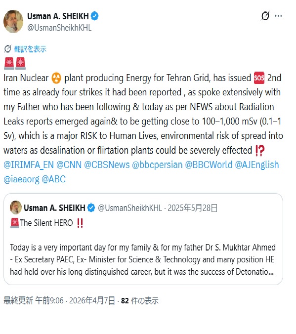 | … | 59無念Nameとしあき26/04/07(火)21:58:25No.1399290368そうだねx1>>イランは人間の鎖と称して原発・発電所を国民に周囲を囲むよ>うに呼び掛けてるそうな |
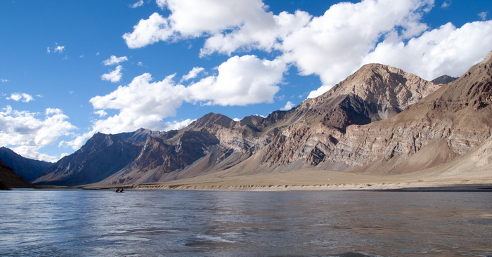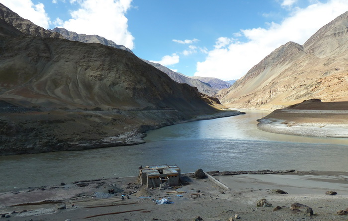 В последний день сплава по Занскару встали на воду около 9 утра и очень быстро дошли до слияния с Индом. Горы расступились, открыв перед нами глобальные и завораживающие просторы долины великой реки Инд.
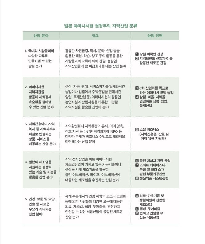 일본 야마나시현은 지역에서 성장을 기대할 수 있는 분야를 5개 분야, 11개 영역으로 정의한다. 5대 분야는 ① 관광산업, 지역브랜드 산업 등 국내외 사람들과의 다양한 교류를 만들어 낼 수 있는 농업분야, ② 6차 산업화 농업, 산림·마을·지역을 연결하는 산림·임업·목재산업 등 야마나시현의 지역자원을 활용하여 지역경제의 선순환을 이끌어 낼 수 있는 산업 분야, ③ 소셜 비즈니스·벤처 등 지역진흥이나 지역복지 등 지역과제의 해 결로 연결되는 상품·서비스를 제공하는 산업 분야, ④ 클린에너지, 부품과 생산 시스템 산업 등 일본의 제조업을 지원하는 경쟁력 있는 기술 및 기능을 활용한 산업 분야, ⑤ 의료기기, 생활산업, 웰빙, 식품산업 등 건강, 보험·요양, 간호 등 새로운 수요가 기대되는 산업 분야이다.
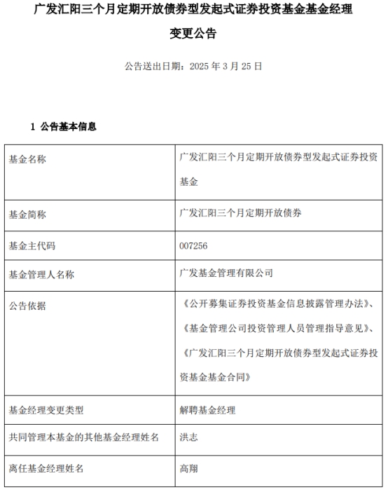 高翔离任广发汇阳三个月定期开放债券
* * *
_EXERCISE OBJECTIVE:_ Copy the lines exactly. Start at the line with "일본 야마나시현은 지역에서", end at the last line above, include both, and omit all pictures.

_TASK OUTPUT:_
 일본 야마나시현은 지역에서 성장을 기대할 수 있는 분야를 5개 분야, 11개 영역으로 정의한다. 5대 분야는 ① 관광산업, 지역브랜드 산업 등 국내외 사람들과의 다양한 교류를 만들어 낼 수 있는 농업분야, ② 6차 산업화 농업, 산림·마을·지역을 연결하는 산림·임업·목재산업 등 야마나시현의 지역자원을 활용하여 지역경제의 선순환을 이끌어 낼 수 있는 산업 분야, ③ 소셜 비즈니스·벤처 등 지역진흥이나 지역복지 등 지역과제의 해 결로 연결되는 상품·서비스를 제공하는 산업 분야, ④ 클린에너지, 부품과 생산 시스템 산업 등 일본의 제조업을 지원하는 경쟁력 있는 기술 및 기능을 활용한 산업 분야, ⑤ 의료기기, 생활산업, 웰빙, 식품산업 등 건강, 보험·요양, 간호 등 새로운 수요가 기대되는 산업 분야이다.
 高翔离任广发汇阳三个月定期开放债券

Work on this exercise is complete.